An easy cleaning solution for brass-plated or lacquered candlesticks is a mixture of warm water and a few drops of gentle soap. Using a lint-free cloth, gently rub the mixture onto the candlesticks then wipe and dry it off.

how to clean brass candlesticks fireplace

Brexton Cole Interiors

Method Two: Ketchup

The acidity of the tomatoes in ketchup make them tough on tarnishes, and you can use ketchup to clean brass (but not brass-plated) candlesticks. You can also use tomato paste instead of ketchup, but whatever you do: remember to remove the tomato sauce after it sits, or risk sticky candlesticks.

To clean candlesticks with ketchup, rub a small amount of ketchup onto the candlesticks and let it sit for 30 minutes to an hour. Then, wipe off with warm water and buff dry.
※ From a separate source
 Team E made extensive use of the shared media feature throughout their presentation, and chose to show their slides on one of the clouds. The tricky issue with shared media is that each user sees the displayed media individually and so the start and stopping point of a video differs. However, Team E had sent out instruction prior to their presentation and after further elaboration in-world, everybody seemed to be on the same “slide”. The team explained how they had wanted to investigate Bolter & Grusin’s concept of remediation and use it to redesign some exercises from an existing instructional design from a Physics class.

Afterwards, you should be left with a tarnish-free candlestick.

Method Three: Baking Soda and Lemon

This tried-and-true cleaning combo also works for brass candlesticks. Use it on fully brass, non-lacquered candlesticks, as this cleaning method is abrasive and can damage plating or lacquer. And don't rub the paste on too hard, as baking soda is very abrasive and can leave scratches on brass.

To clean brass candlesticks with lemon and baking soda, first mix three tablespoons of lemon juice with two teaspoons of baking soda to create a paste. Gently rub the paste onto the candlesticks and let sit for 30 minutes. Then, like the ketchup method, wipe off with a damp cloth and buff dry.

How To Keep Brass Candlesticks Clean Longer

Prevention is the first defense against stained and tarnished candlesticks—don't make more work for yourself down the road by neglecting to do (a little bit of) work along the way. First thing's first—remember to clean off excess wax that may have fallen on your candlestick after you use it.

Consider the placement of your candlesticks. If you place them in an area that gets dusty quickly (like the bathroom or kitchen), you'll have to clean them far more often.

Another easy way to keep brass candlesticks clean longer is regular dusting. A quick run-down with a lint-free cloth can remove and dirt and prevent them from building up over time.

You can also keep candlesticks clean with mineral oil. Rub just a little bit of mineral oil onto your candlesticks to bring out brass's natural shine and slow down oxidization. Another way to do the same thing is by applying a small amount of car wax, then buffing excess off. Car wax, like mineral oil, provides an additional protective element against dirt and grime.

Looking for a tarnish prevention method that's truly low-maintenance? Consider lacquer. Getting your candlesticks lacquered professionally can keep them staying shiny and grime-free year after year.